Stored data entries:
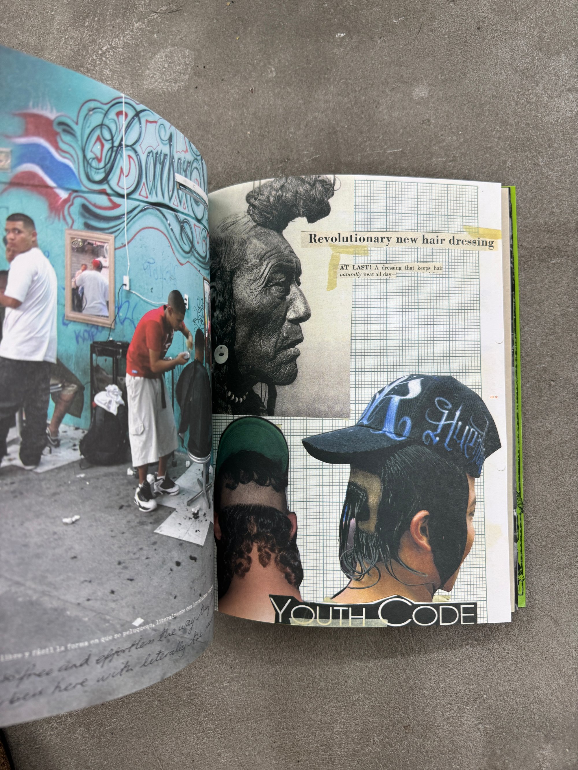 Massive book on Cholombianos, a Mexican youth subculture known for its highly distinctive dress code, sculptural hairstyles and love of Cumbia music. Super nice design, often utilizing collage alongside varied paper stocks and formats. Highly recommended!
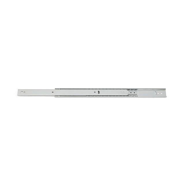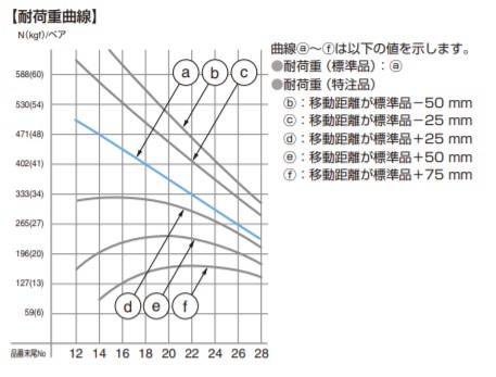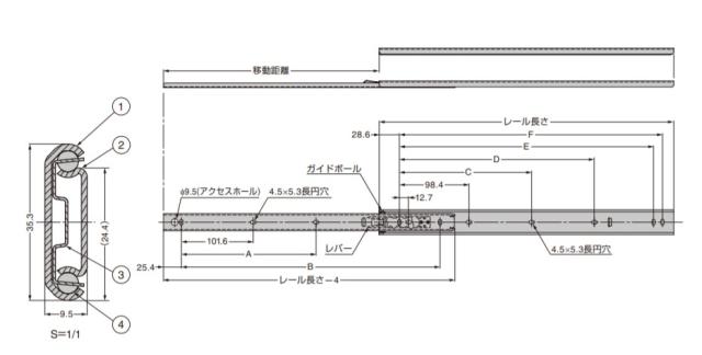 ●3/4スライドの2段引スライドレールです。 ●レールを全開にすると全開状態で固定します。レバー操作で解除でき、同じレバーでインナーメンバーを取り外せます。 【その他】 ●移動距離の変更による耐荷重の変化は、下記の耐荷重曲線をご覧ください。 【注意】 ●取扱い上のご注意を必ずご確認ください。 【推奨ねじ】 ●M4バインド、またはM4トラスねじ 【材料】 (1)アウターメンバー:鋼(SPCC) (2)インナーメンバー:鋼(SPCC) (3)リテーナー:鋼(SECC) (4)スチールボール:鋼(SWCH) 【仕上】 (1)アウターメンバー:光沢クロメート処理(三価) (2)インナーメンバー:光沢クロメート処理(三価) (3)リテーナー:(亜鉛めっき鋼板) (4)スチールボール:- 【サイズ】 レール長さ:移動距離:A:B:C:D:E:F 406.4:315:254:-:-:238.1:349.2:361.9 【耐荷重N】422 /ペア 【耐荷重kgf】43 /ペア 【重量】390g /本 【注文コード】190-111-918 【品番】C203-16LOCK 本品は1本単位での販売です。ご注文数「1」で1本です。 参照ページ ?:P.582 製品内容は、部品としての品質範囲です。この部品を使用した最終製品の機能・性能・安全を保証するものではありません。 ※画像はイメージです。 ※パッケージ、仕様、品番などの変更が予告なく変更される場合が御座います。 カテゴリー |
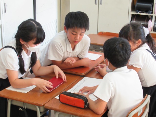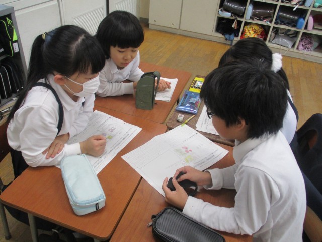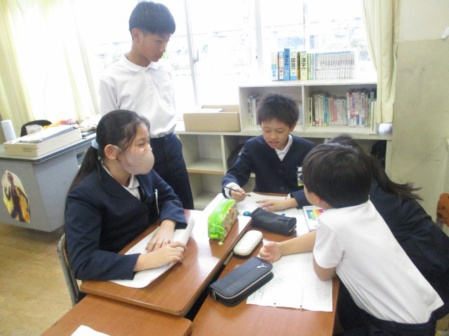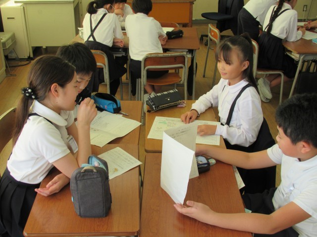総合的な学習の時間には、桜谷小学校創校150周年記念のお祝い弁当作りに取り組んでいます。今日は、個人で考えてきた弁当の案をグループで聴き合いました。「今まで桜谷小学校をつないできてくださった方々に感謝の気持ちを伝えたい」「桜谷小学校の素敵なところをおかずやデザインに表したよ」と、一人一人の思いが溢れる聴き合いとなりました。この後もたくさん話合いを重ね、世界で一つだけのお弁当を作ります。どんなお弁当ができるのか楽しみです。
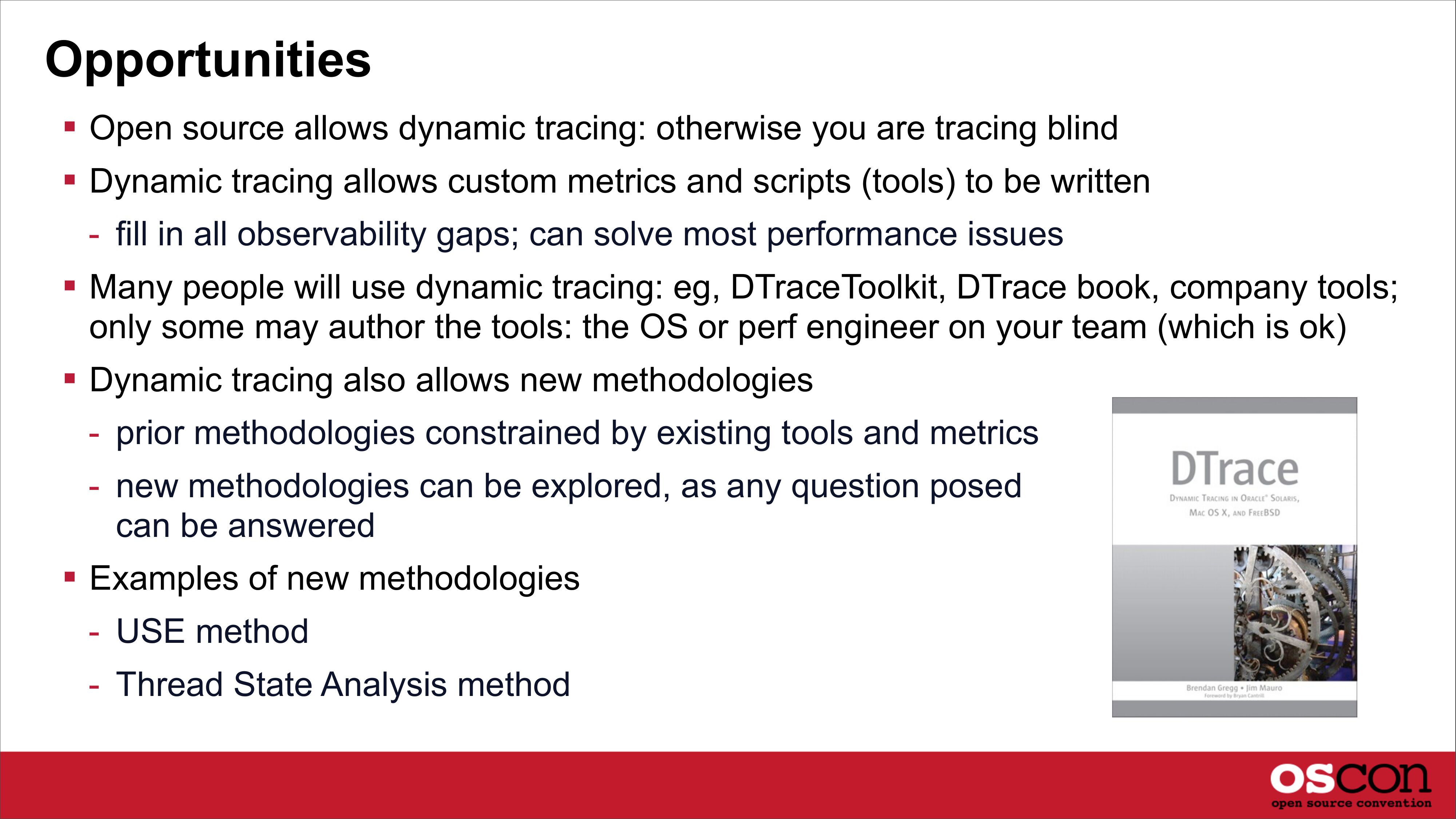 Opportunities Open source allows dynamic tracing: otherwise you are tracing blind Dynamic tracing allows custom metrics and scripts (tools) to be written - fill in all observability gaps; can solve most performance issues Many people will use dynamic tracing: eg, DTraceToolkit, DTrace book, company tools; only some may author the tools: the OS or perf engineer on your team (which is ok) Dynamic tracing also allows new methodologies - prior methodologies constrained by existing tools and metrics - new methodologies can be explored, as any question posed can be answered Examples of new methodologies - USE method - Thread State Analysis methodslide 38:
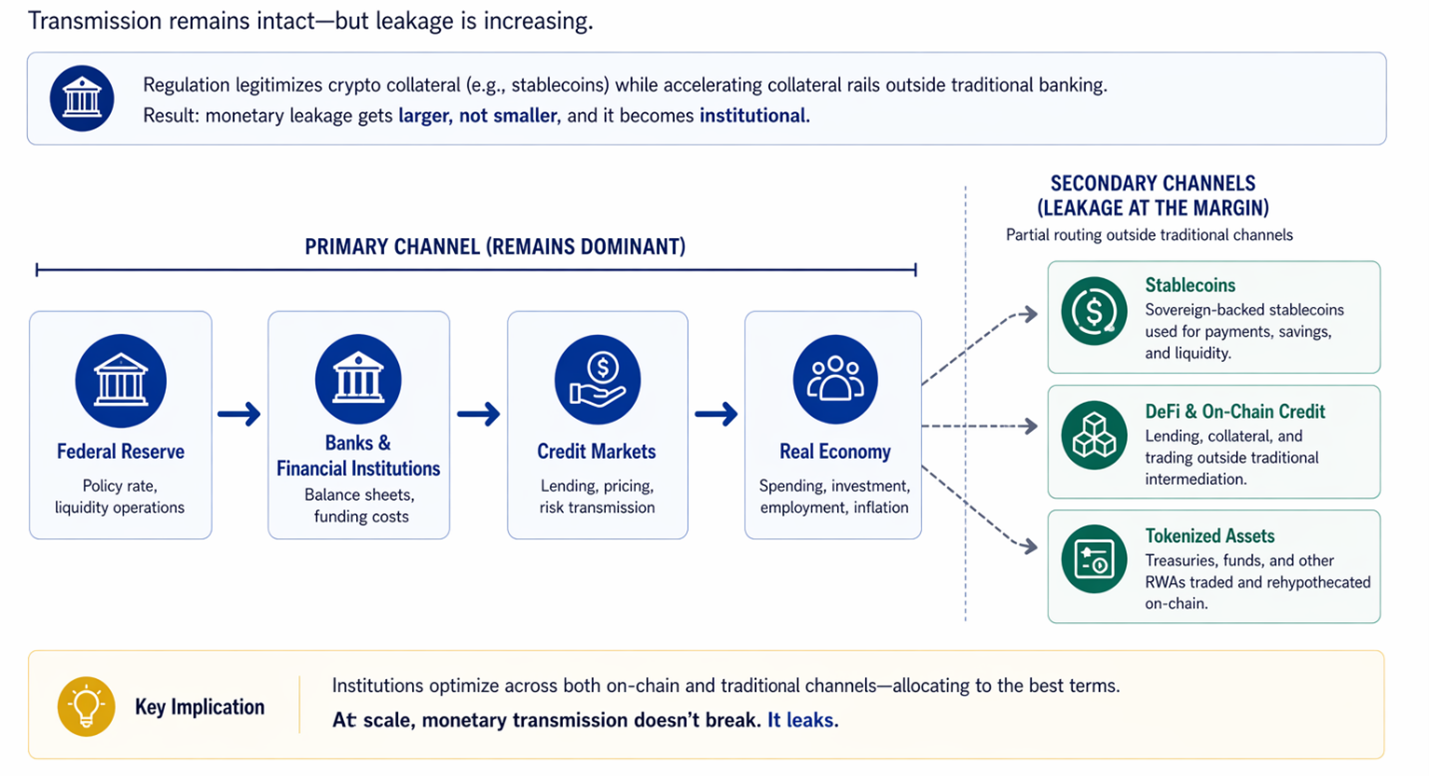 BCG and Ripple project the tokenized asset market could reach $19 trillion by 2033. At that scale, monetary transmission does not break. It leaks.

Exercise prompt:
Every line above is to be written out unchanged, with the pictures omitted.

Reply:
 Massive book on Cholombianos, a Mexican youth subculture known for its highly distinctive dress code, sculptural hairstyles and love of Cumbia music. Super nice design, often utilizing collage alongside varied paper stocks and formats. Highly recommended!
 ●3/4スライドの2段引スライドレールです。 ●レールを全開にすると全開状態で固定します。レバー操作で解除でき、同じレバーでインナーメンバーを取り外せます。 【その他】 ●移動距離の変更による耐荷重の変化は、下記の耐荷重曲線をご覧ください。 【注意】 ●取扱い上のご注意を必ずご確認ください。 【推奨ねじ】 ●M4バインド、またはM4トラスねじ 【材料】 (1)アウターメンバー:鋼(SPCC) (2)インナーメンバー:鋼(SPCC) (3)リテーナー:鋼(SECC) (4)スチールボール:鋼(SWCH) 【仕上】 (1)アウターメンバー:光沢クロメート処理(三価) (2)インナーメンバー:光沢クロメート処理(三価) (3)リテーナー:(亜鉛めっき鋼板) (4)スチールボール:- 【サイズ】 レール長さ:移動距離:A:B:C:D:E:F 406.4:315:254:-:-:238.1:349.2:361.9 【耐荷重N】422 /ペア 【耐荷重kgf】43 /ペア 【重量】390g /本 【注文コード】190-111-918 【品番】C203-16LOCK 本品は1本単位での販売です。ご注文数「1」で1本です。 参照ページ ?:P.582 製品内容は、部品としての品質範囲です。この部品を使用した最終製品の機能・性能・安全を保証するものではありません。 ※画像はイメージです。 ※パッケージ、仕様、品番などの変更が予告なく変更される場合が御座います。 カテゴリー |
総合的な学習の時間には、桜谷小学校創校150周年記念のお祝い弁当作りに取り組んでいます。今日は、個人で考えてきた弁当の案をグループで聴き合いました。「今まで桜谷小学校をつないできてくださった方々に感謝の気持ちを伝えたい」「桜谷小学校の素敵なところをおかずやデザインに表したよ」と、一人一人の思いが溢れる聴き合いとなりました。この後もたくさん話合いを重ね、世界で一つだけのお弁当を作ります。どんなお弁当ができるのか楽しみです。
 Opportunities Open source allows dynamic tracing: otherwise you are tracing blind Dynamic tracing allows custom metrics and scripts (tools) to be written - fill in all observability gaps; can solve most performance issues Many people will use dynamic tracing: eg, DTraceToolkit, DTrace book, company tools; only some may author the tools: the OS or perf engineer on your team (which is ok) Dynamic tracing also allows new methodologies - prior methodologies constrained by existing tools and metrics - new methodologies can be explored, as any question posed can be answered Examples of new methodologies - USE method - Thread State Analysis methodslide 38:
 BCG and Ripple project the tokenized asset market could reach $19 trillion by 2033. At that scale, monetary transmission does not break. It leaks.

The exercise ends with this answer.